In two days of round-the-clock talks in Algiers, the group agreed to drop production to 32.5 million barrels a day, the delegate said, asking not to be named because the decision isn’t yet public. That’s nearly 750,000 barrels a day less than it pumped in August.

The deal will reverberate beyond the Organization of Petroleum Exporting Countries. It will brighten the prospects for the energy industry, from giants like Exxon Mobil Corp. to small U.S. shale firms, and boost the economies of oil-rich countries such as Russia and Saudi Arabia. For consumers, however, it will mean higher prices at the pump.

"The cut is clearly bullish," said Mike Wittner, head of oil-market research at Societe Generale SA in New York. "What’s much more important is that the Saudis appear to be returning to a period of market management."

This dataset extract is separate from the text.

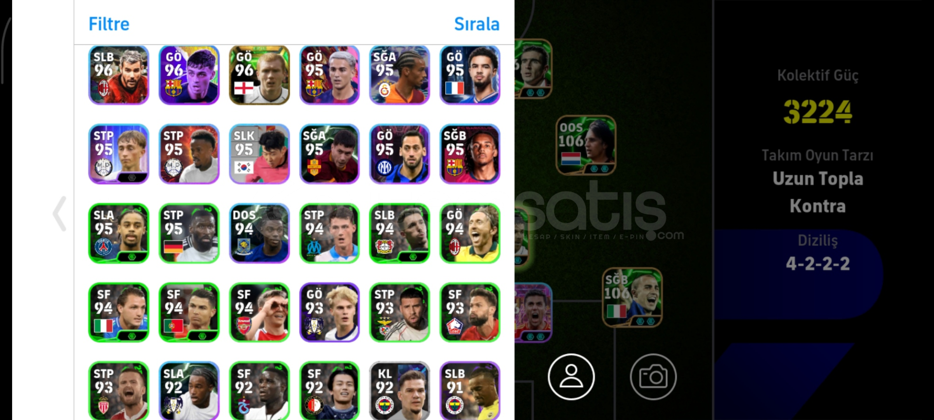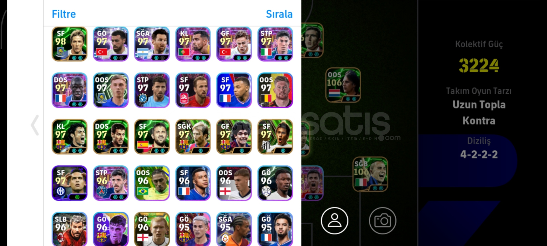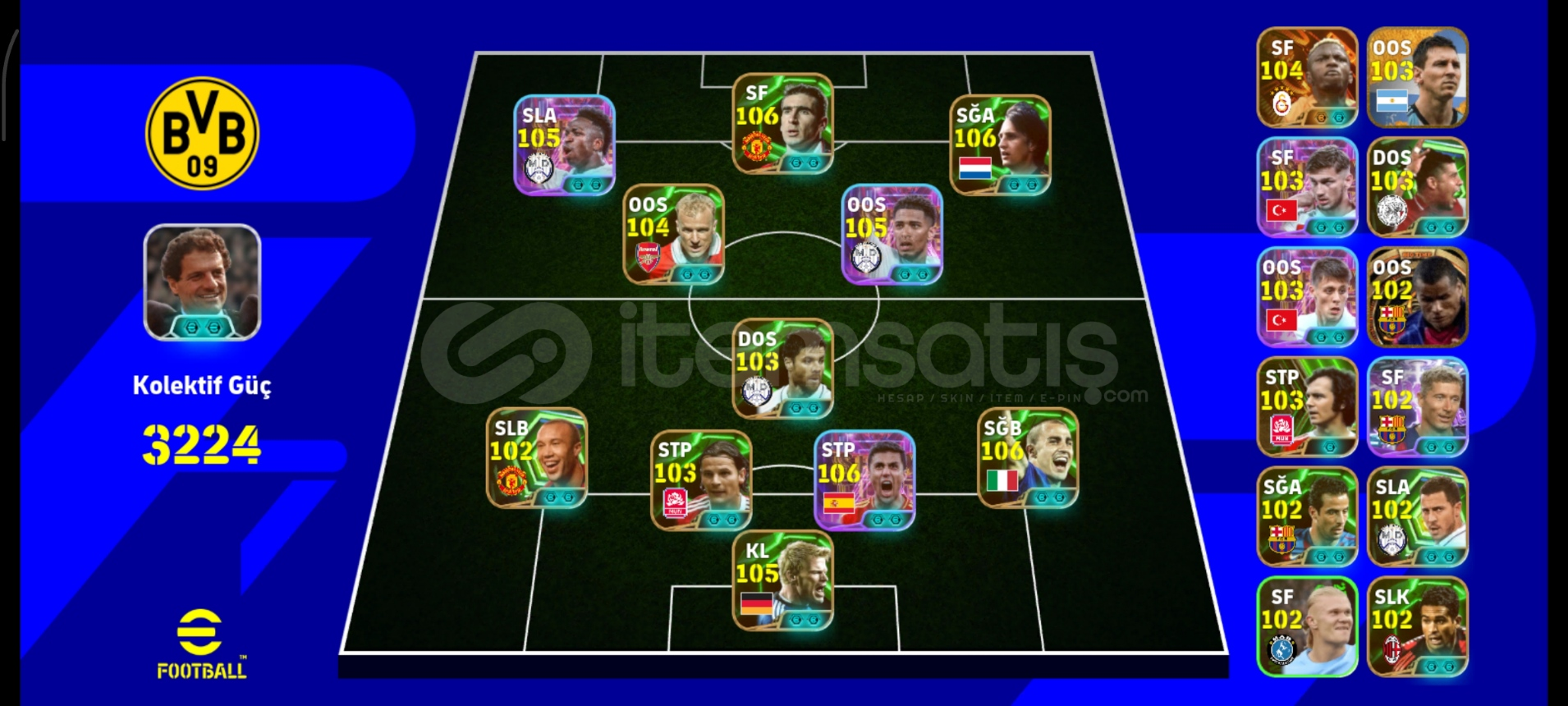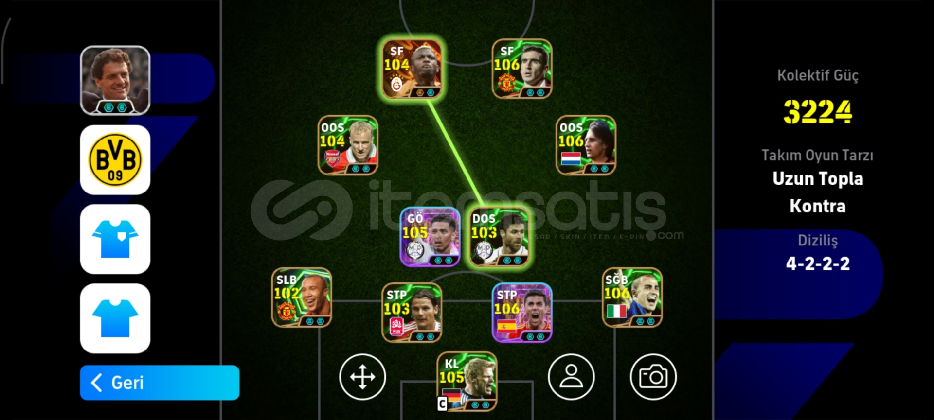 HESAP HAKKINDA:3225Kg Tek bağ efsane hesap! 103 bedava showtimes henüz alınmadı onunla beraber kg 3227+ olur!Bombacı 104 bergkamp! Eski nadir kart 2014 dünya kupası 103 Messi!Uzun top becerili yeni oyunun meta menejeri Capello mevcut!Bol bol Epic, Showtimes, özel menajarler ve nadir oyuncular mevcut!Güzel fiyata efsane hesap çok durmaz kaçırma! ────────────^...

The agreement also signals a new phase in relations between Saudi Arabia and Iran, which have clashed on oil policy since 2014 and are backing opposite sides in civil wars in Syria and Yemen. The deal indicates that Riyadh and Tehran, with the mediation of Russia, Algeria and Qatar, were able to overcome the differences that sunk another proposal to cap production earlier this year.



The stakes for OPEC, which pumps 40% of the world’s oil, are high as the International Energy Agency has warned of a weak petroleum market next year. Ian Taylor, the head of Vitol Group BV, the world’s largest oil-trading house, said that the crude market could remain oversupplied until 2018 unless producing countries stop flooding the market.

“I cannot see a good reason for a major increase in the price of oil” since the market remains “way oversupplied,” Taylor told a Bloomberg conference in London.

As OPEC agreed to limit its output, Russia smashed a post-Soviet oil-supply record, pumping 11.1 million barrels a day in September, up 400,000 from August, according to preliminary estimates. Russia participated in the Algiers talks, but it’s not party to the OPEC deal.